_What is needed_. At the line that holds "Lisa Elmos, the", start repeating, and keep going exactly through the final line of the material; include both ends and skip the pictures.

*** Opening of Information supplied ***

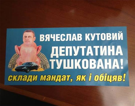 У Верховній Раді поширили листівки , на яких зображений депутат-тушка В'ячеслав Кутовий, обраний до Верховної Ради по 95 округу.
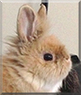 Dearest Binky, you are beautiful indeed! What an utterly adorable Lionhead Rabbit you are, with that fluffy light-brown fur that looks so soft and that sweet face with those perky ears and lovely big eyes. You've had some dental trouble, but I'm glad to learn your teeth have been fixed up. You're the bun-boss, but you're so cute you get away with it! You have fun with your dear "husbun" Basil, and you do, or try to do, everything he does.
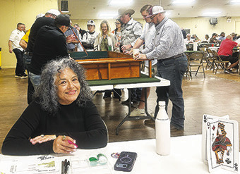 Lisa Elmos, the better half of Sealy KC member Joe Elmos, greets guests coming into the annual Casino Night fundraiser for the Sealy Knights of Columbus, held Feb. 7 at the Columbus Hall in Sealy. Tables in the back- ground are already filled with players. Serious play and a lot of laughter keep this event as one of the community's favorites. Photo by John Jones, Banner PressThe card tables filled quickly with groups coming in and putting it all on the line during the annual Sealy KC Casino Night on Feb. 7 at the Columbus Hall in Sealy. There is always next year to try out your luck. Photo by John Jones, Banner Press
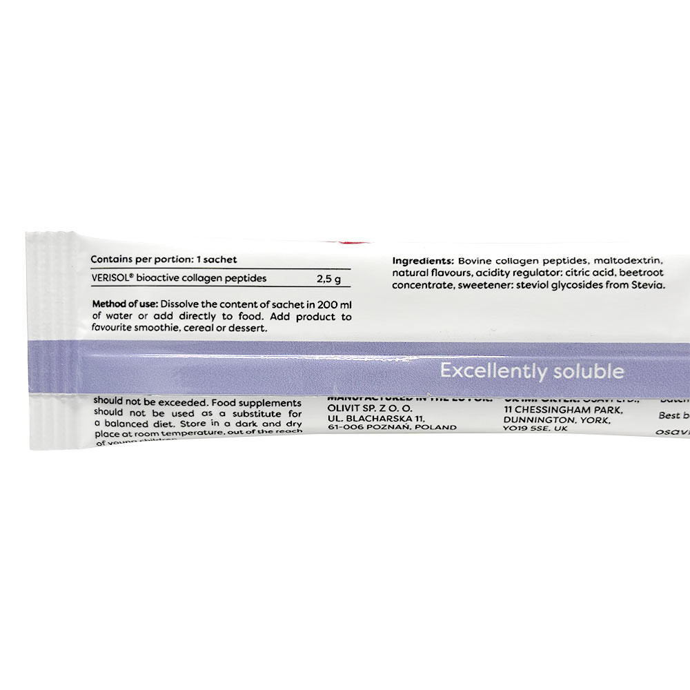 • Szabadalmaztatott és klinikailag tesztelt VERISOL® bioaktív kollagén peptideket tartalmaz

*** Close of Information supplied ***

_Solution for this problem_.
 Lisa Elmos, the better half of Sealy KC member Joe Elmos, greets guests coming into the annual Casino Night fundraiser for the Sealy Knights of Columbus, held Feb. 7 at the Columbus Hall in Sealy. Tables in the back- ground are already filled with players. Serious play and a lot of laughter keep this event as one of the community's favorites. Photo by John Jones, Banner PressThe card tables filled quickly with groups coming in and putting it all on the line during the annual Sealy KC Casino Night on Feb. 7 at the Columbus Hall in Sealy. There is always next year to try out your luck. Photo by John Jones, Banner Press
 • Szabadalmaztatott és klinikailag tesztelt VERISOL® bioaktív kollagén peptideket tartalmaz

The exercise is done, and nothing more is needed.